WHAT IS REQUIRED -
Everything from the line containing "Mäkký, polstrovaný a" through the final line below must be output exactly, both ends included, with nothing else and no pictures.

GIVEN INFORMATION -
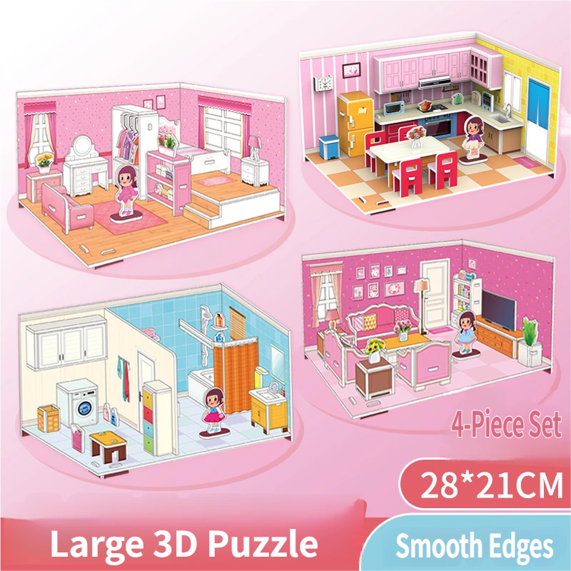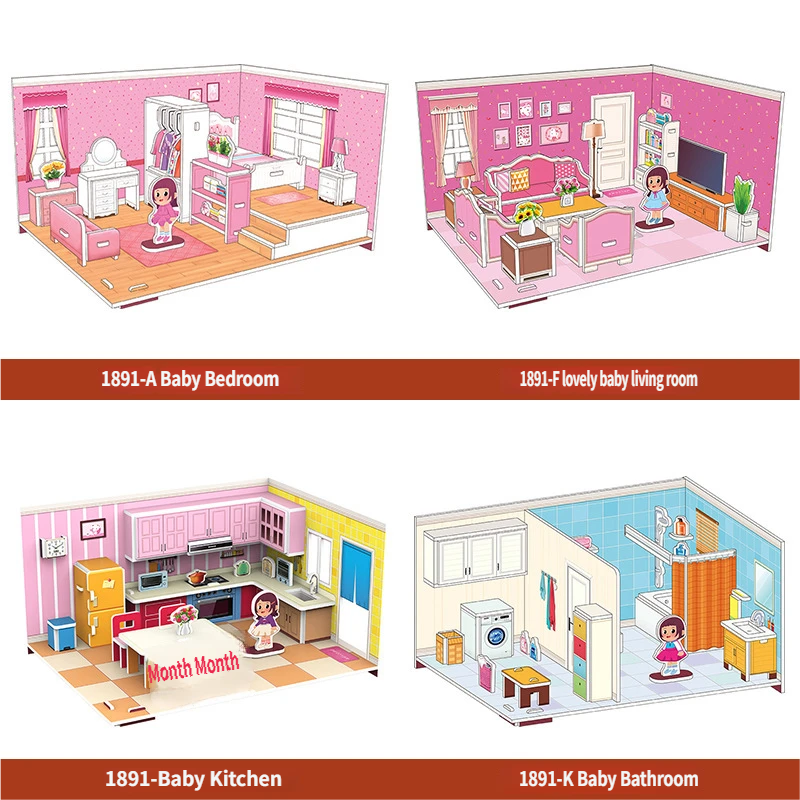 บ้านตัวต่อ 3 มิติ Good Baby ของเล่นประกอบเองจากกระดาษ สำหรับเด็กผู้หญิง ของขวัญเสริมสร้างพัฒนาการและความคิดสร้างสรรค์ พร้อมห้องครัว ห้องน้ำ ห้องนอน และห้องนั่งเล่น
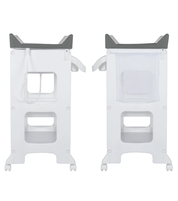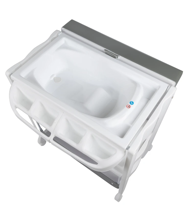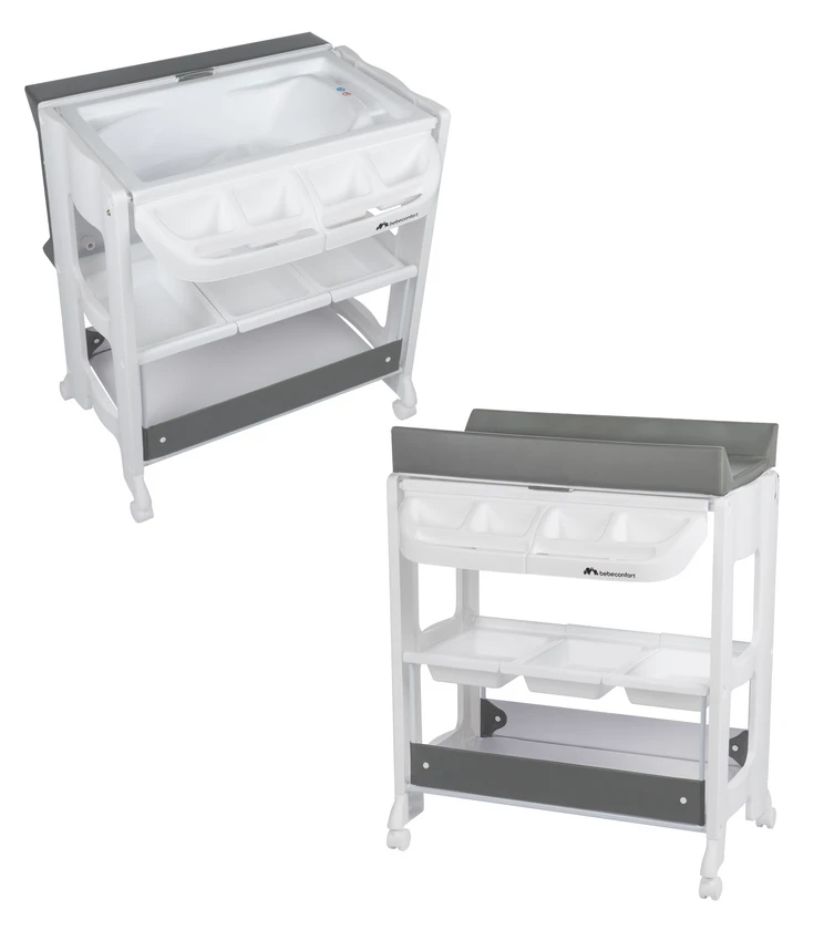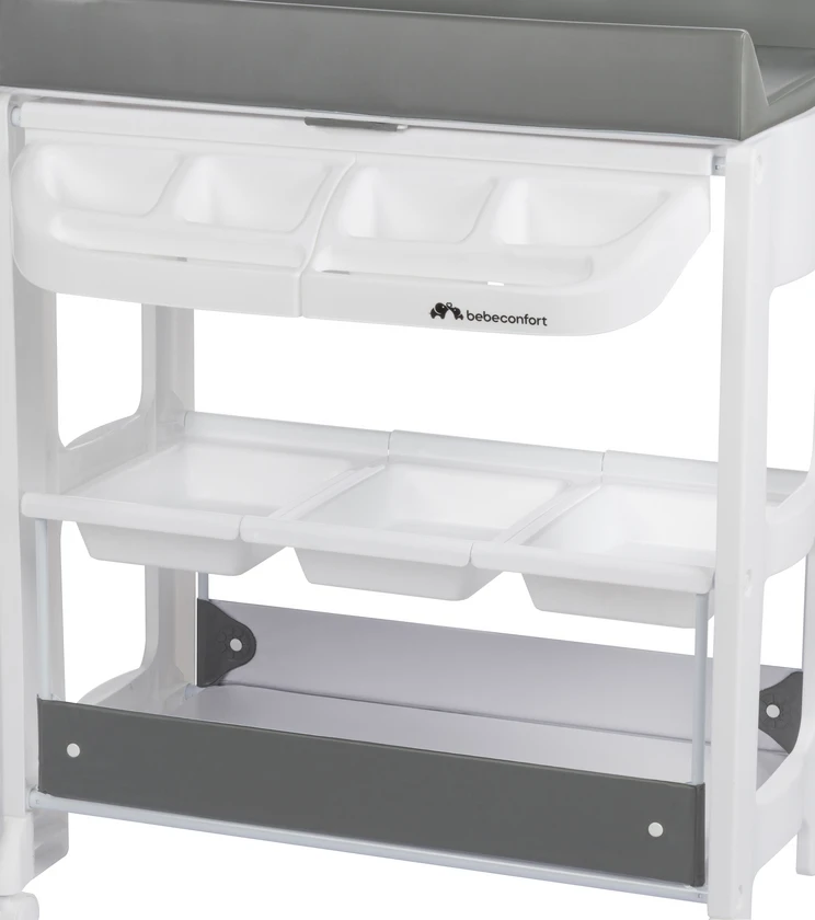Mäkký, polstrovaný a stabilný prebaľovací pultIntegrovaná ergonomická vanička s protišmykovou úpravou pre bezpečné kúpanie bábätka. 4 malé odkladacie priehradky s držiakmi na uteráky. 3 väčšie odkladacie priehradky uprostred a odkladacia plocha. Postranná sieťka na uchovávanie predmetov. Kolieska s brzdou pre ľahké premiestnenie. Výpustná hadica k vaničke.
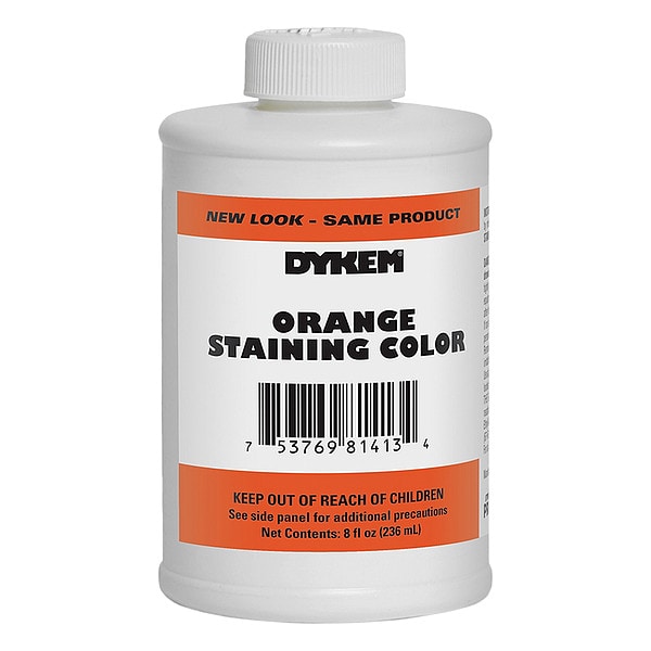 Staining Color, Container Size 8 fl oz, Brush Cap Bottle, Liquid, Orange, Application Permanent Identification on a Variety of Component Parts, Assemblies, Finished Goods, Inventory, Tools, Work in Progress, Features Fast Drying, For Light and Dark Tinted Metals, Resists Chipping, Flaking or Scaling, Resists Cracking, Flash Point 24 Degrees F, Fluid Clarity Opaque, Form Liquid
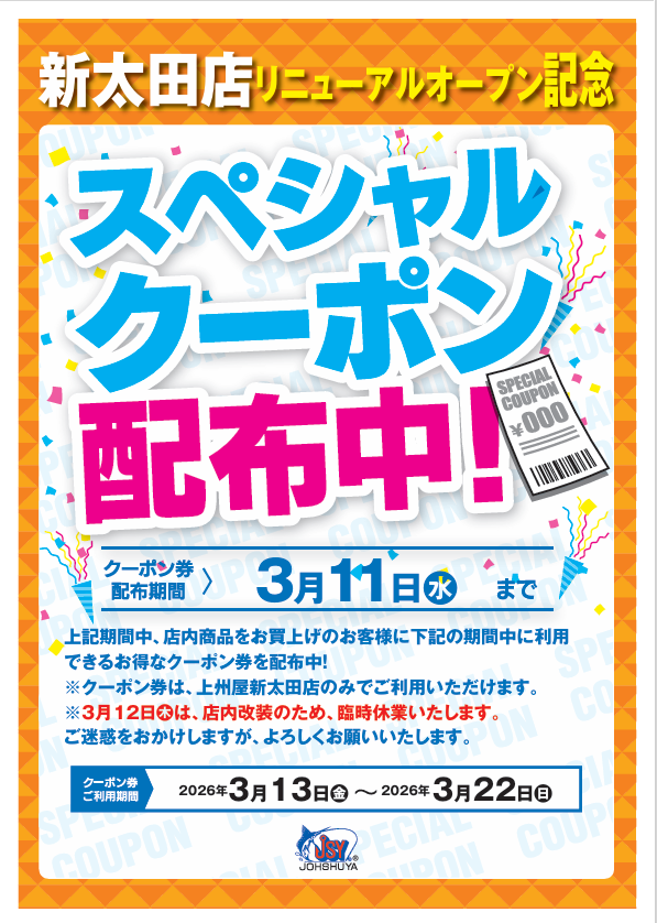 只今、上州屋新太田店では店内商品お買い上げのお客様に同店リニューアルオープン後(3月13日~3月22日)にご利用いただけるスペシャルクーポン配布中!

EXERCISE RESPONSE -
Mäkký, polstrovaný a stabilný prebaľovací pultIntegrovaná ergonomická vanička s protišmykovou úpravou pre bezpečné kúpanie bábätka. 4 malé odkladacie priehradky s držiakmi na uteráky. 3 väčšie odkladacie priehradky uprostred a odkladacia plocha. Postranná sieťka na uchovávanie predmetov. Kolieska s brzdou pre ľahké premiestnenie. Výpustná hadica k vaničke.
 Staining Color, Container Size 8 fl oz, Brush Cap Bottle, Liquid, Orange, Application Permanent Identification on a Variety of Component Parts, Assemblies, Finished Goods, Inventory, Tools, Work in Progress, Features Fast Drying, For Light and Dark Tinted Metals, Resists Chipping, Flaking or Scaling, Resists Cracking, Flash Point 24 Degrees F, Fluid Clarity Opaque, Form Liquid
 只今、上州屋新太田店では店内商品お買い上げのお客様に同店リニューアルオープン後(3月13日~3月22日)にご利用いただけるスペシャルクーポン配布中!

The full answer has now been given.